I was shoehorned into the third category, but not by choice. It was the only meal I could make on a mass-produced scale to use up the mountain of chard and kale that landed on my doorstep every Tuesday. It was like whack-a-mole meets Gordon Ramsay’s Kitchen Nightmares.
Before I start to sound ungrateful, let me concede that it was one of the more satisfying projects I’ve ever undertaken in the kitchen. But I was totally overwhelmed. Maybe it was that I was too accustomed to Whole Foods sanitizing my veggies with a firehose before they land on the shelves. Or that I just had too much going on at work. Or that I GAVE BIRTH that summer and could have used a little less time on my feet. Like someone who pigs out on pizza and can never hear the word again, I thought my relationship with kale was forever doomed.
But who was I kidding? Because kale is life changing, perfection, despite having to dig those little green bits out of your teeth afterwards. There is a reason that the Chicago Sun Times recently reported that “kale is the new bacon.” And can’t we all agree that everyone loves bacon? Even if you say you don’t, we know you’re lying.
Not only is kale a superfood, packed with antioxidants, including 206% the recommended daily dose of vitamin A, but it also tastes great and can be used in just about any recipe you can dream up.
Like this lemony and light weeknight pasta, which takes nothing more than dressing your kale like a salad, tossing in some pasta, and adding a fistful of shaved pecorino. I’d better watch out – if kale makes it too easy on me I might spring for that CSA box again.
- 1 bunch curly kale, washed and dried
- 1.5 teaspoons of salt, plus more for salting the pasta water
- Pinch of red pepper flakes, omitting if your kids are eating it
- Freshly-ground black pepper, to taste
- 4 Tablespoons olive oil
- 2-3 Tablespoons of fresh-squeezed lemon juice or to taste
- 1 lb spaghetti
- ¼ cup pecorino, finely shredded (I like to use a microplane)
- Take the ribs out of your curly kale, take the ribs out, and then finely shred (I just cut them horizontally to make thin strips).
- Add the kale to a bowl and add the 1 teaspoon of salt (don’t salt too much here as the pecorino is salty, and you can always add more later), black pepper, olive oil and lemon juice, and red pepper flakes.

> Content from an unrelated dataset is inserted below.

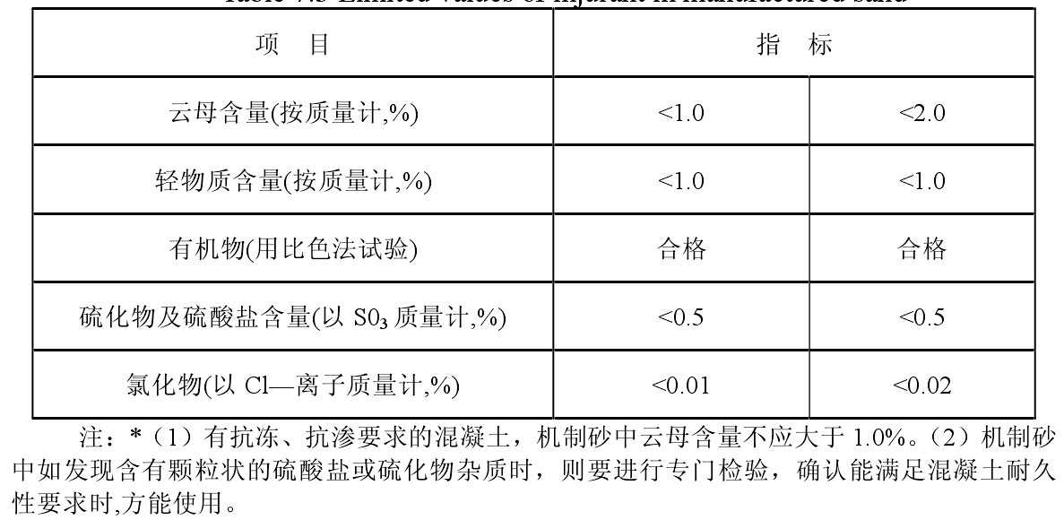 人工砂中的石粉含量和泥塊含量首先應(yīng)符合下表的規(guī)定。在一定情況下可以將Ⅱ類的石粉含量放寬到7%左右。

- Toss the kale with the dressing and put it off to the side while you cook your pasta. Letting it sit for a while in the vinaigrette will help it soften a little.
- While your kale is softening, bring a large pot of salted water to boil. Make sure your water is salty like the sea!
- When boiling, add your spaghetti and cook according to the box directions until it’s done (generally few minutes).
- When pasta is done, reserve a cup of the cooking water, and then drain the pasta.
- Add the pasta to the bowl with the kale, and toss together.
- To moisten, add some of the pasta cooking water to the pasta, a few tablespoons at a time.
- Add most of your shredded cheese to the dish, and toss.
- Add the rest of the cheese to the top and serve.